Mitsubishi Alone in Price-Fixing Case

     SAN FRANCISCO (CN) – A federal judge certified a class of “direct purchasers” in a worldwide antitrust case that claims Mitsubishi conspired to corner the market on cathode-ray tubes.
     Mitsubishi is the sole remaining defendant in the 8-year old case against multiple defendants, which once included Toshiba, Hitachi, Samsung, Matsushita Industrial Electrical, Chunghwa Picture Tubes and others.
     Most settled: Samsung for $33 million, LG for $25 million and Hitachi for $13.4 million.

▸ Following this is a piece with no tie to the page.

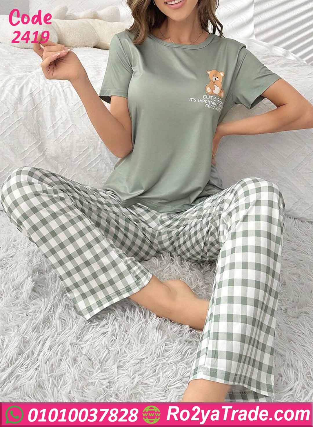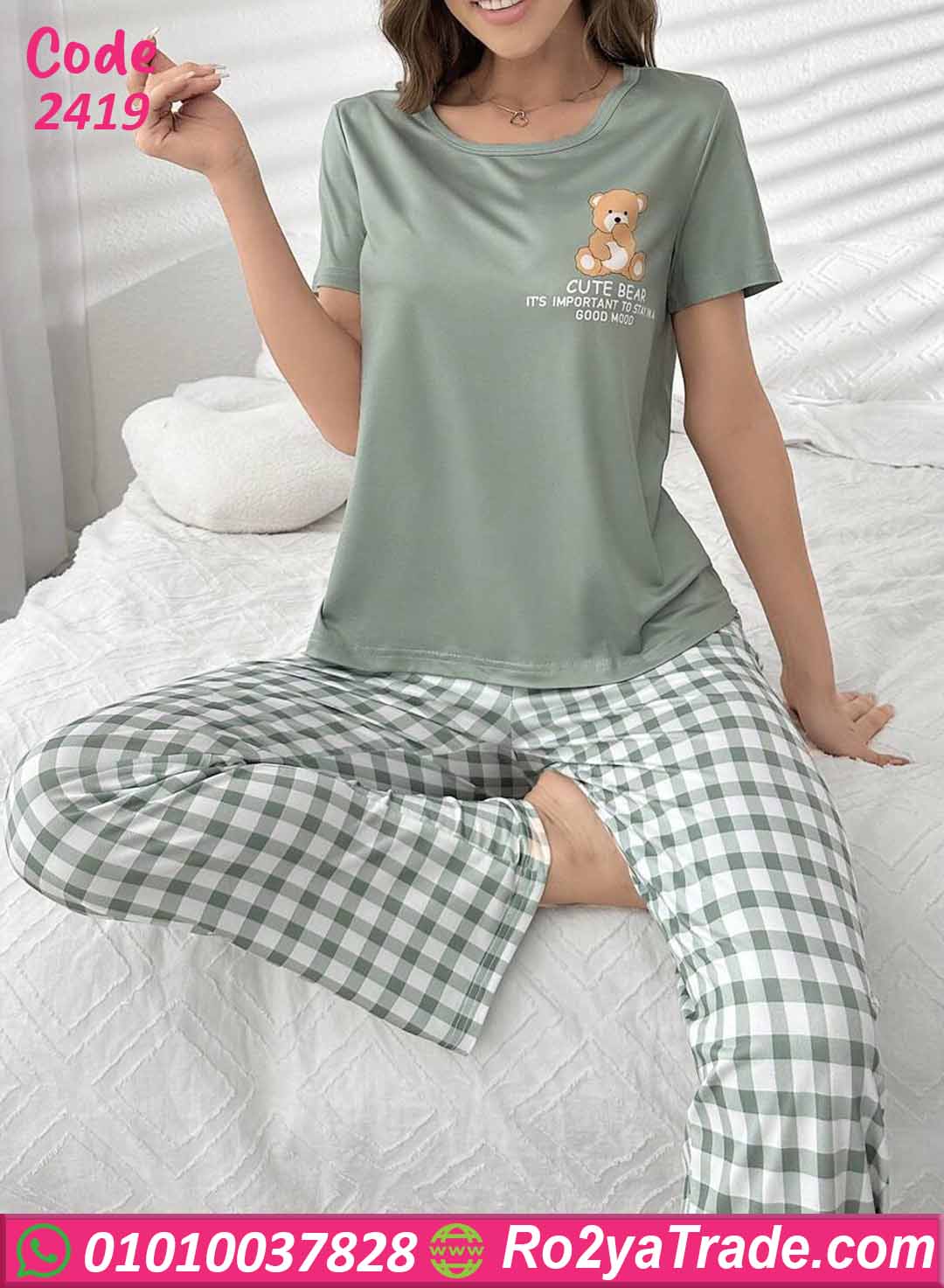 بيجامة نسائية صيفي بتصميم هادئ ولمسة كيوت بطبعة دب ناعمة تمنحك راحة وأناقة داخل المنزل.

     Cathode ray tubes, or CRTs, were the picture screens of the original televisions. They are vacuum tubes with an electron gun in back that shoots rays across a fluorescent-backed, glass screen to produce images.

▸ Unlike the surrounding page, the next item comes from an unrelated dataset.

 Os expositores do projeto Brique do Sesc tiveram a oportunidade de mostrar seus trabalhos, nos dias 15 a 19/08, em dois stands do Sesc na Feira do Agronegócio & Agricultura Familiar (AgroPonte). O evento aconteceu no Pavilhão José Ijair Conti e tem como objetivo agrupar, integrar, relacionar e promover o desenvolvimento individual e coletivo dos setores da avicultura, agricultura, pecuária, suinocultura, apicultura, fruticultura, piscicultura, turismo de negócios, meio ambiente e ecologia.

     The technology became obsolete with the advent of liquid crystal and plasma display panels, but prices on the tubes remained steady, raising suspicions that prices were being fixed.
     Dozens of lawsuits were filed after the European Commission announced on Nov. 8, 2007 that it was investigating whether there was a worldwide conspiracy.
     The lawsuits evolved into two classes: indirect purchasers, who bought products containing the tubes; and direct purchasers, who bought the tubes alone.
     “Defendants’ conspiracy was intended to, and did, moderate the downward price pressures of CRT products caused by the market entry and rapid penetration of more technologically advanced competitive products,” according to the original 2007 class action.
     U.S. District Judge Samuel Conti certified the direct purchaser group against Mitsubishi on Wednesday.
     Conti cited an extensive, sealed report by direct purchaser class expert Jeffrey Leitzinger, an economist and managing director at Econ One Research, an research and consulting firm.
     He noted that Mitsubishi did not submit an expert report of its own in response to the Leitzinger report, and that the company “did not necessarily oppose the conspiracy prong,” but did dispute the impact and damages prongs required for class certification in an antitrust case.
     “In this case, Dr. Leitzinger reviewed evidence of the alleged conspiracy and then formed an opinion that there is evidence common to members of the proposed class that is sufficient to prove widespread impact,” Conti wrote in a 50-page order.
     Conti said that Leitzinger could successfully calculate classwide overcharges for the damages prong.
     “He [Leitzinger] could take the CRT sales data and calculate sales by defendants and co-conspirators to class members for each year, and then apply the overcharge percentages for each type of CRT per year to get the overcharge amount associated with each type of CRT each year,” Conti ruled. “In the same manner, he could compute the damages to purchasers of CRT finished products. To do so, Dr. Leitzinger would calculate the average annual dollar overcharge for a given CRT and multiply it by the corresponding units of CRT finished product sales for the class members. Adding totals across products over time would yield the total damages.”
     Conti concluded that “upon completion of a ‘rigorous analysis’ of the required elements of class certification, for good cause shown, the court finds that all the threshold and minimum requirements … have been met.”
     Conti granted the class 30 days to amend the complaint for the sole purpose of specifically identifying the Mitsubishi affiliates and class members, for notification.
     A call to class attorneys Guido and R. Alexander Saveri of Saveri & Saveri, in San Francisco, was not immediately returned.
     Mitsubishi attorney Brent Caslin of Jenner & block, in Los Angeles, could not be reached for comment.